WORK REQUEST ::
Repeat, exactly and with no pictures, the lines that run from the beginning of the entries through the line containing "I'd like to".

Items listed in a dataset

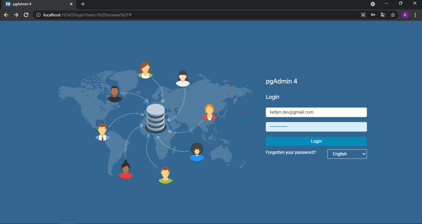 Gerado o ambiente de pgAdmin 4 e de uma de uma instância do PostgreSQL através de containers.
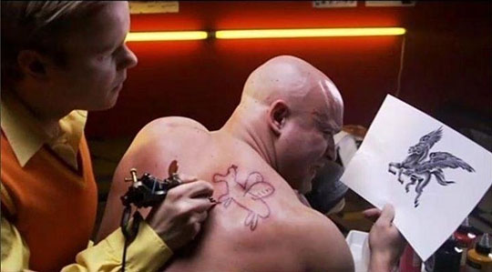 I'd like to see the face of this guy when he's done and he looks at his back in the mirror.
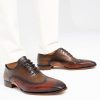 Complete your distinguished look by pairing these hand-painted Oxford shoes with the separately available Burgundy and Brown Leather Belt, featuring a silver buckle. Elevate your style, revel in comfort, and express your unique taste with each step in these exceptional shoes.
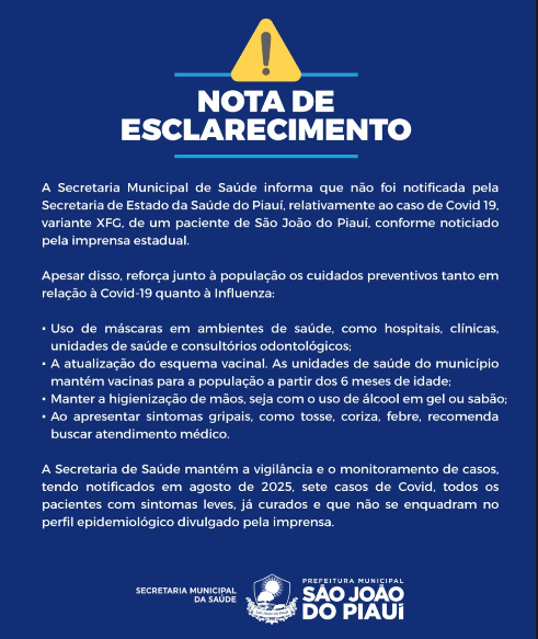 A Secretaria Municipal de Saúde de São João do Piauí emitiu uma nota oficial contestando uma informação, divulgada pela imprensa estadual, sobre a identificação da variante XFG da Covid-19 em um paciente do município. No comunicado, a secretaria afirma que não recebeu notificação formal da Secretaria de Estado da Saúde do Piauí (Sesapi) a respeito do caso.
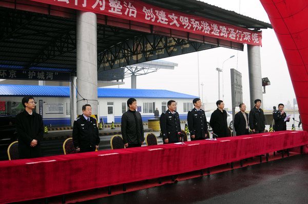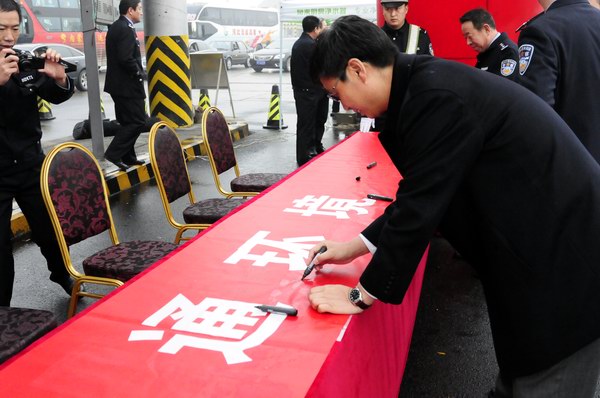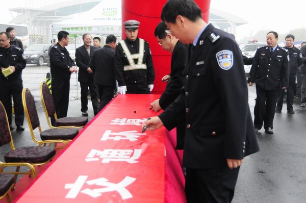 在專項行動啟動儀式上,與會領(lǐng)導同干警、群眾一起在橫幅上簽字,承諾通過嚴格執(zhí)法、嚴格監(jiān)管,切實改善道路通行秩序,保障交通安全暢通,最大限度地減少道路交通事故和降低人民群眾生命財產(chǎn)損失。(何文儒)
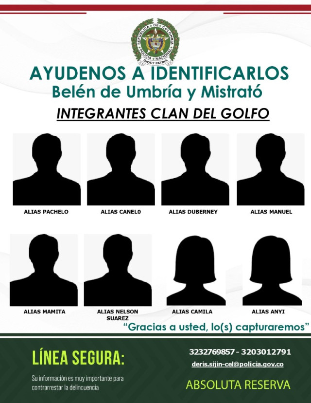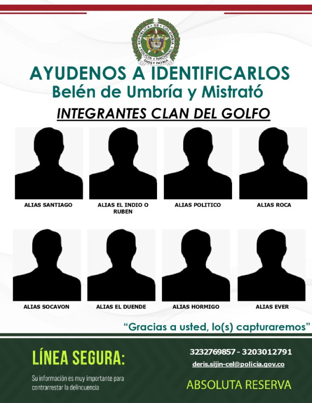 En total son 16 alias pertenecientes a la organización criminal del Clan del Golfo, que opera en diferentes zonas del departamento, especialmente en los municipios de Mistrató y Belén de Umbría, en el occidente de Risaralda.

YOUR RESPONSE ::
 Gerado o ambiente de pgAdmin 4 e de uma de uma instância do PostgreSQL através de containers.
 I'd like to see the face of this guy when he's done and he looks at his back in the mirror.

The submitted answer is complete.